This past Monday, Siegfried Blunk, the international co-investigating judge at the United Nations-backed Khmer Rouge tribunal in Cambodia, resigned. As Judge Blunk explained, repeated demands by senior Cambodian officials to end all ongoing investigations have been “perceived as attempted interference” and “call in doubt the integrity of the whole proceedings.”
For months, civil society organizations, including my own, have warned that the Cambodian government’s public opposition to the two remaining cases under investigation (“003” and “004” in the parlance of the Extraordinary Chambers in the Courts of Cambodia) threatened the very independence of the court. Judge Blunk has now, sadly, confirmed our greatest fears.
As a full partner in the agreement to establish the court, the United Nations might have been expected to take effective action. But to general astonishment, Secretary General Ban Ki-moon simply thanked the judge for his service, announced that he was working to secure a replacement, and restated his strong support for the work of the E.C.C.C. In other words, business as usual.
But business as usual has led to this impasse. At virtually every step along the path since the Khmer Rouge left Phnom Penh in 1979, the United Nations — and the principal donor governments that shape its E.C.C.C. policy (including the United States, France, Japan and Australia) — have disappointed public expectations.
When, in the 1990s, Prime Minister Hun Sen balked at a court with a majority of international judges, the United Nations gave in, and so insured that the political taint that compromised ordinary Cambodian courts would infect the E.C.C.C.
A decade later, when reports emerged that Cambodian court staff had to kick back part of their salaries to political sponsors, the U.N. resisted a full-blown inquiry and then accepted the appointment of a watchdog who, by all accounts, has done little to stem corruption.
In recent months, when Judge Blunk and his Cambodian counterpart seemed determined to shut down an investigation without carrying out any field investigation, interviewing the prime suspects, or allowing victims any say, U.N. officials again refused to act, claiming, wrongly, that “judicial independence” precluded them from addressing any judicial misconduct short of an express bribe.

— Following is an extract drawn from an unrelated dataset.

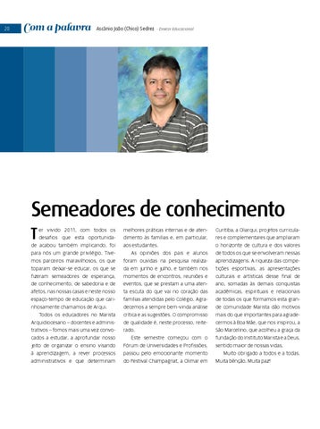 er vivido 2011, com todos os desafios que esta oportunidade acabou também implicando, foi para nós um grande privilégio. Tivemos parceiros maravilhosos, os que toparam deixar-se educar, os que se fizeram semeadores de esperança, de conhecimento, de sabedoria e de afetos, nas nossas casas e neste nosso espaço-tempo de educação que carinhosamente chamamos de Arqui. Todos os educadores no Marista Arquidiocesano – docentes e administrativos – fomos mais uma vez convocados a estudar, a aprofundar nosso jeito de organizar o ensino visando à aprendizagem, a rever processos administrativos e que determinam
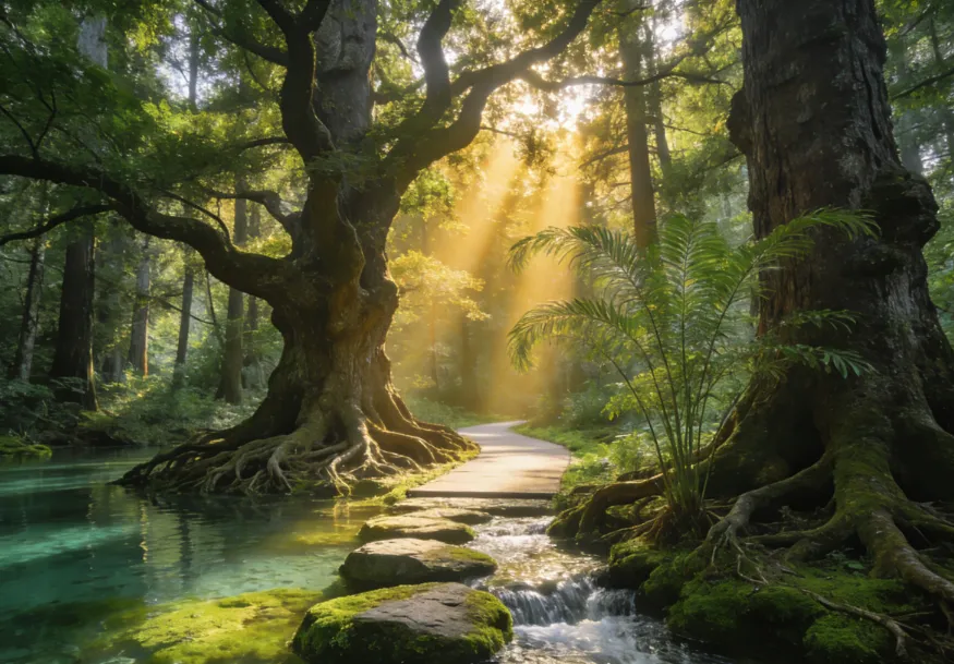 沿着蜿蜒的步道穿梭其中,脚下是潺潺的流水,时而没过脚背,带来丝丝凉意。身旁的树木形态各异,有的树干粗壮,枝叶繁茂,仿佛是这片森林的守护者;有的则纤细婀娜,随风摇曳,展现出别样的柔美。阳光透过树叶的缝隙洒下,形成一道道金色的光柱,照亮了水面和周围的青苔,使整个水上森林充满了梦幻般的色彩。在这里,你可以近距离感受大自然的神奇创造力,惊叹于树木与流水和谐共生的奇妙景象,仿佛与大自然融为一体,忘却尘世的喧嚣。

Whatever Judge Blunk’s aims, his resignation in the face of “such pressure by government officials” that his ability “to perform his duties independently could always be called in doubt” puts, the U.N. in a conundrum. On the one hand, it removes from the scene a figure whose own performance had raised many questions. But at the same time, it renders wholly inadequate the U.N.’s continued uncritical support for a court whose lack of independence has been so openly, definitively exposed.
Simply replacing Judge Blunk does nothing to address the twin problems at the root of the court’s troubles: Hun Sen’s adamant refusal to “allow” only those prosecutions, charges and witnesses that he decrees; and international donors’ reluctance to fund any more trials than the first (of a man who admitted his crimes) already completed and the second (of four senior surviving Khmer Rouge leaders) scheduled to start sometime in 2012.
Going forward, bland declarations of support for the process will not cut it. The U.N. must change course.
First, the U.N. secretary general himself must immediately convene the key diplomatic actors from Phnom Penh, Washington and other capitals and make clear that they have a choice: Either provide the political support and requisite moneys to sustain independent investigations, trials and appeals in cases 002, 003 and 004, or state now the limits of what they will permit. To be sure, it is preferable that all ongoing investigations proceed to their legal conclusion.
But if Hun Sen does not suddenly reverse his opposition to further trials, and the major donors do not push him to do so by pledging full financial reserves for remaining cases, the Cambodian people deserve to know that now. Devising a legal fiction to cloak a political solution would be the worst result of all.
Second, the U.N. must quickly fill the vacant position of special representative to the secretary general on the E.C.C.C. with a person of unimpeachable integrity and stature. Only someone prepared and able to engage in diplomatic hardball with senior leaders in Phnom Penh, Washington and other capitals should apply.
Finally, even if justice may not triumph, the truth must. The secretary general should commission a respected, independent scholar, and grant full access to U.N. files, to write a no-holds-barred report of the E.C.C.C. — from inception to end — that establishes the facts and draws lessons for future U.N. engagement with hybrid tribunals.
At this point, it would take extraordinary powers to ensure that law and evidence — rather than politics and finance — dictate the future course of justice in Cambodia. Despite the historical record, we must hope the U.N. is up to the task.
James A. Goldston, executive director of the Open Society Justice Initiative.